Director: Kristina Grozeva and Peter Valchanov
Cast: Margita Gosheva, Ivan Barnev, Ivan Savov and Ivanka Bratoeva
Running Time: 111 minutes
Release Date: December 4th
The influence of Belgian auteurs the Dardenne Brothers hangs heavy in The Lesson, the debut feature from writer/director team, Kristina Grozeva and Petar Valchanov. While this is certainly evident in the style of the film, the handheld camera franticly following the main protagonist Nade (Margita Gosheva), often showing just the back of her head, it is the film’s themes that really make the similarities apparent, as she is pushed deeper and deeper into a desperate situation that severely tests his moral character.
When we first see Nade, an English teacher in a small Bulgarian town, she is addressing her students about the fact that one of them has been stealing money from unattended bags. After the culprit refuses to identify him or herself, Nade offers an opportunity for the suspect to return the money anonymously by placing it back into an envelope after school is finished. From these opening scenes we get a sense of the kind of person Nade is. Stern but willing to compromise, it is evident that she believes in her own moral code of what is right and wrong, a small detail soon after confirms this, when as she is walking home she spot a piece of rubbish lying on the ground and promptly places it into the bin. Of course moral codes are often tested in bad situations and that proves to be the case here as the circumstances in Nade’s home life lead her to take desperate actions.

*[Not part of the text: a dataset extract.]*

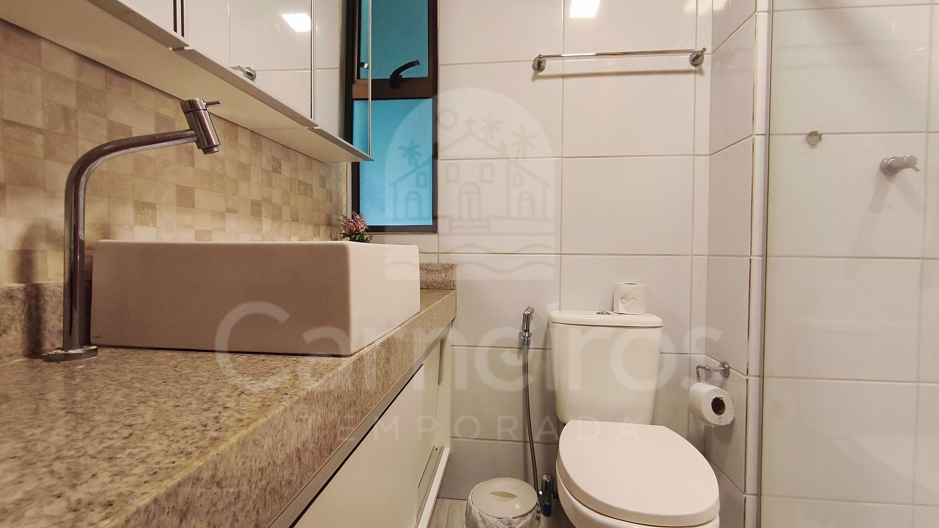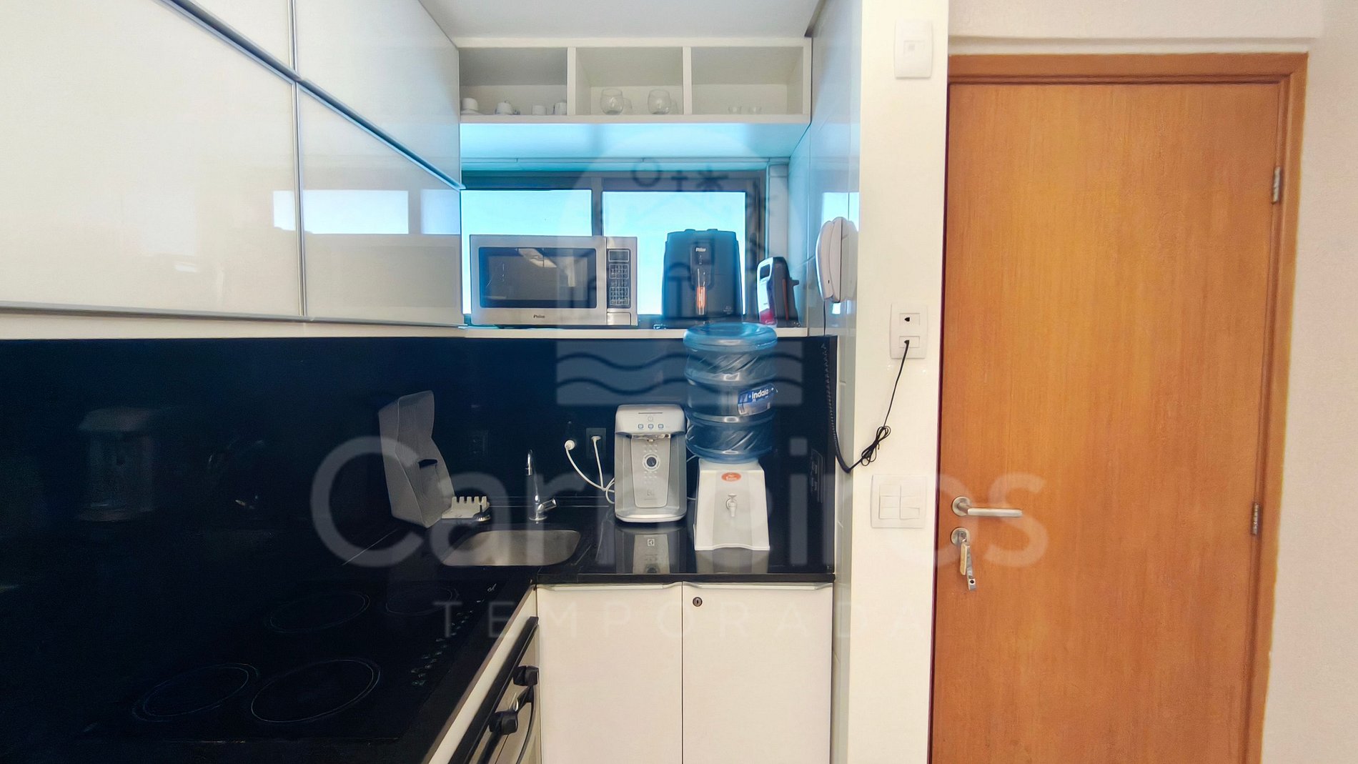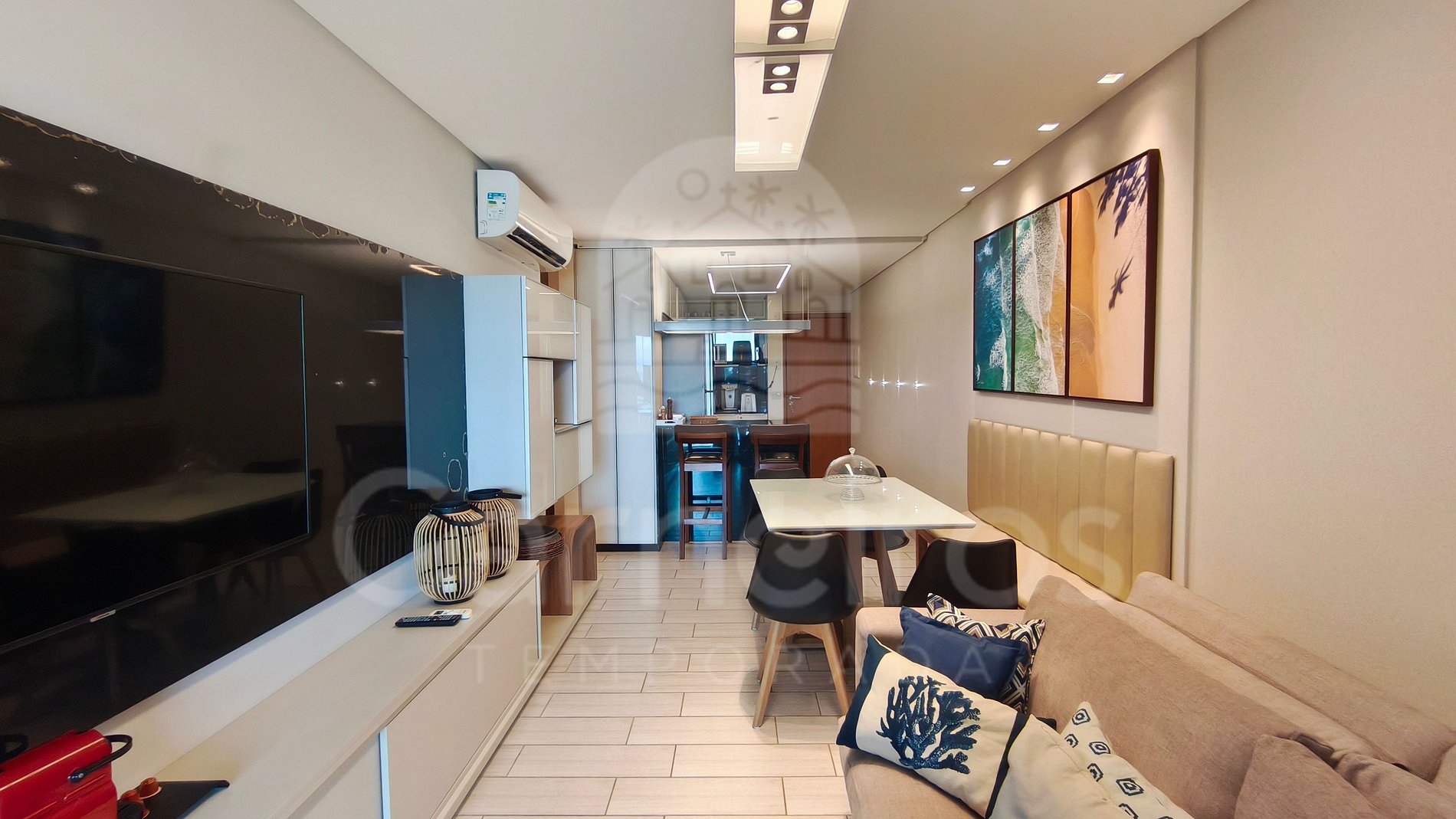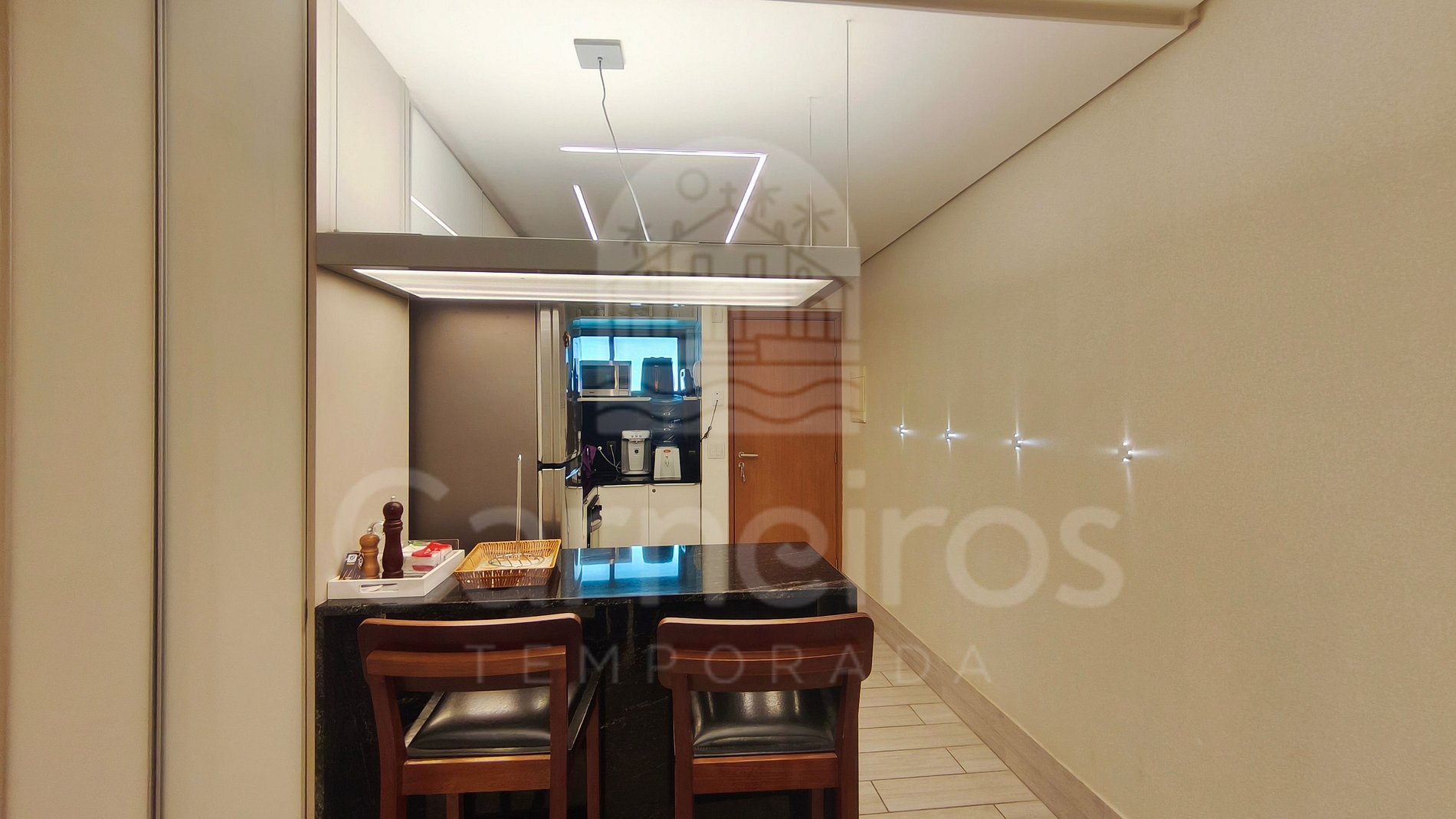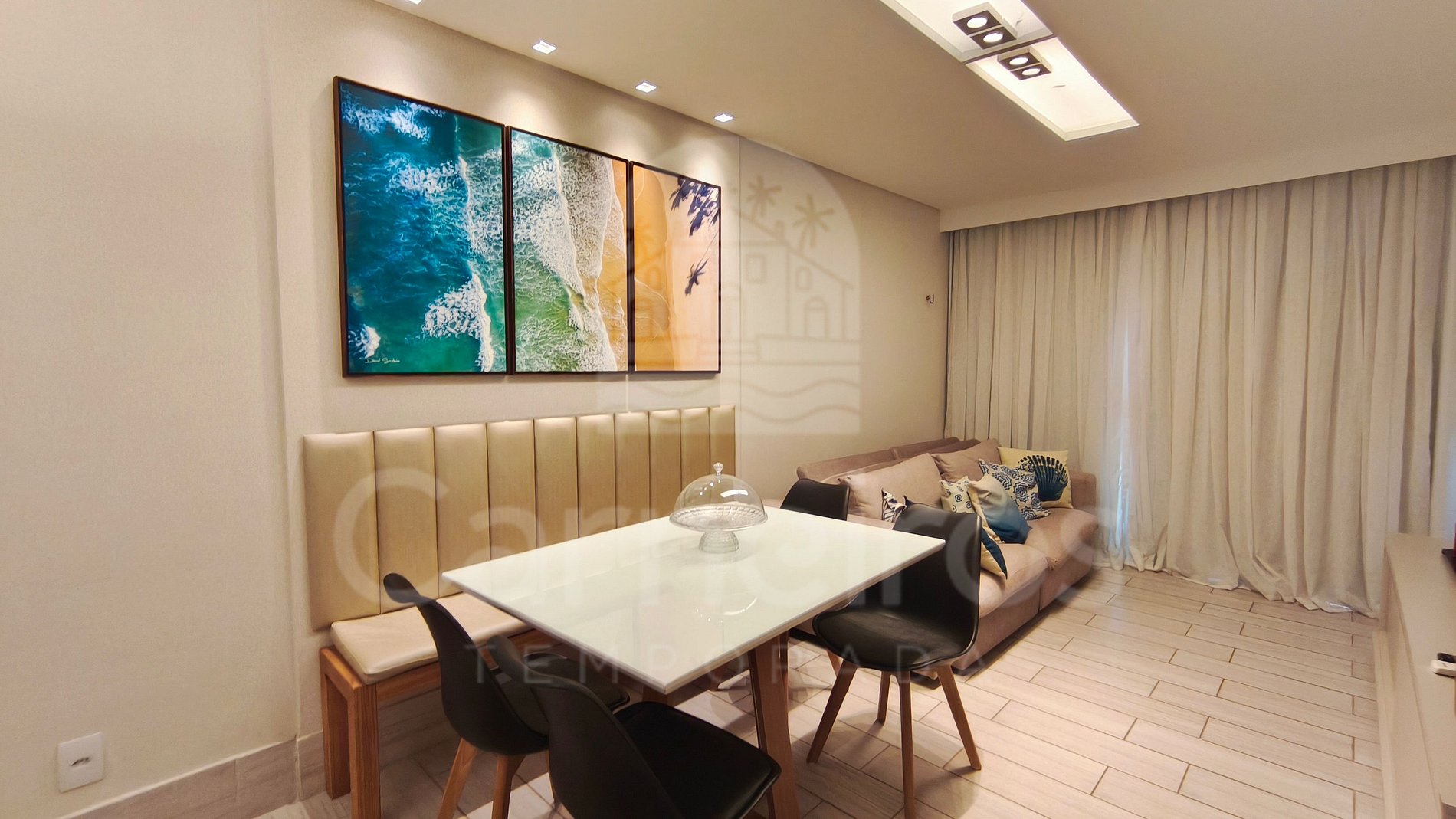 A sala de estar conta com uma decoração aconchegante e minimalista, sofá, TV e mesa de jantar com 4 cadeiras. A cozinha é completa e equipada com os principais utensílios: geladeira, micro-ondas, fogão 04 bocas, forno, liquidificador, bebedouro, sanduicheira e outros. Possui também 2 banheiros, ambos completos com box, ducha higiênica e chuveiro com água aquecida.

One day after work, Nade returns home to find that her husband Mladen (Ivan Barnev), who is generally useless apart from raising their young daughter, has been skipping mortgage payments in order to buy parts for a camper van that he wants to sell. Nade’s attempts to find the money in order to save her home gradually start to crumble, the company she works for on the side as a translator collapses and her pride prevents her from borrowing money from her wealthy father with whom she has had a bad relationship with since his remarriage to a much younger woman not long after her mother’s death. With no other way out, she ends having to borrow money from a loan shark, whose sleazy motives only become clear when it is to late.
While Grizeva and Valchanov took their inspiration from a real life event in their native Bulgaria, an event which forms the basis of a last act plot twist, they are more interested in examining the circumstances that could lead a person to such a desperate action. It is here that their approach is more similar to that of Romanian New Wave filmmakers such as Cristi Puiu, Corneliu Porumbiou and Cristian Mungiu in terms with its grim slice of life portrayal. This downbeat reality is spoiled somewhat by the mechanics of the plot, which at times appear a little too neat for its own good. One scene in particular see Nade having to go to the bank after receiving a call saying that they have underestimated her payments and as a result her payments have come up slightly short. As she races to the bank, a series of obstacles get in her way: her car breaks down, her money from her purse has been stolen, and when she eventually makes it she finds out she has to pay a transaction charge. While there a Kafka-esque black comedy to it, there is staginess to the scene that puts it at odds with the rest of it. That the last act, which has its basis in reality, seems out of place within the drama, shows that perhaps the filmmakers haven’t succeed in exploring how a person would resort to such actions.
That said, thanks to the solid direction of Grizeva and Valchanov, and a fantastic central performance from Gosheva, The Lesson is completely engaging throughout. There may be cracks in its storytelling, but there is certainly enough talent on screen to cover it up.